CHAPTER THIRTY-NINE
PINCER MOVEMENT
THE TONE OF the whistles changed. The pitch changed. There was menace and anguish in it suddenly, as Holeman Hunt’s war band travelled south along Track Nine from Westhafen.
“Listen,” said one of the Aux.
They stopped en masse in the tunnel, their feet falling still on the gravel. All that remained was the soft sound of their breathing.
The whistle had changed. Something was happening further down the tunnel.
“Them,” said Oscar so Wild. “Them are attacking.”
“No,” said Holeman Hunt.
“Scrappers, them are attacking Them.”
The screeching echoes, broken and desperate, continued for a minute or maybe two as the gathered war band listened.

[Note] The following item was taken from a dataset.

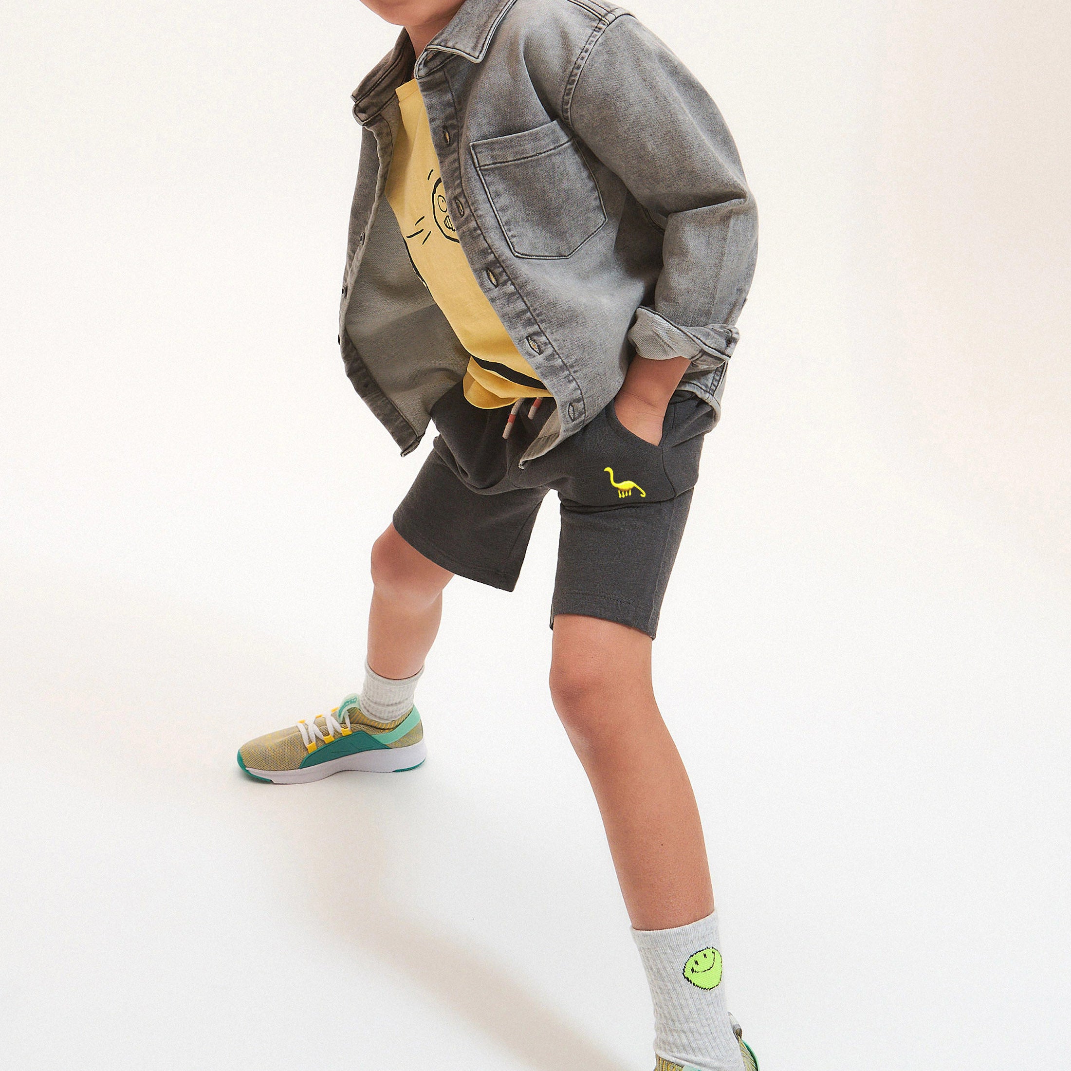 B&Y Dino Embroidered Light Cord Dark Grey Cotton Shorts 10757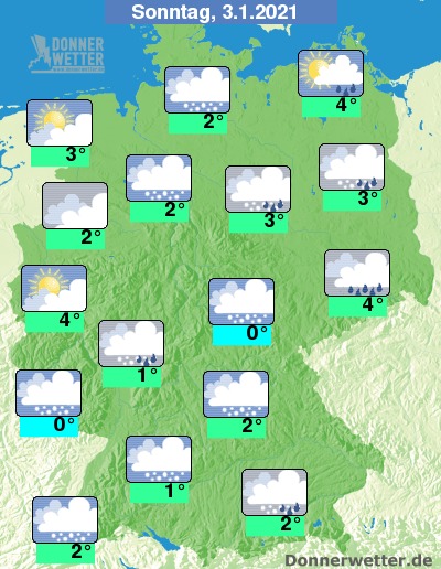 Am Neujahrstag fällt zunächst gebietsweise Regen oder Schneeregen, oberhalb etwa 200 bis 400 Meter meistens Schnee mit Glättegefahr. Im Tagesverlauf werden die Niederschläge seltener. Im Münsterland und an der Ems gibt es kurze freundliche Phasen.

Then, as suddenly as they had begun, they stopped. The strange tone of the sounds stopped and the echoes died away. Then they began again, a keening in the tunnels, a breathy whistle all around them. Things were changing.
“Is it dead?” asked one of the Aux. “The Them, is it deader and dead?”
“Yes,” said Holeman Hunt.
“And how many Aux, them dead with it?” asked another voice, low and bitter.
Oscar so Wild turned on the war band.
“Us, we are Aux, tougher and tough. Us, we are Aux, truer and true,” he said. “Us, we are faster and fast. Us, we are braver and brave. Us, we stand in alliance. Us, we stand together.”
Holeman Hunt put his hand on the lieutenant’s shoulder.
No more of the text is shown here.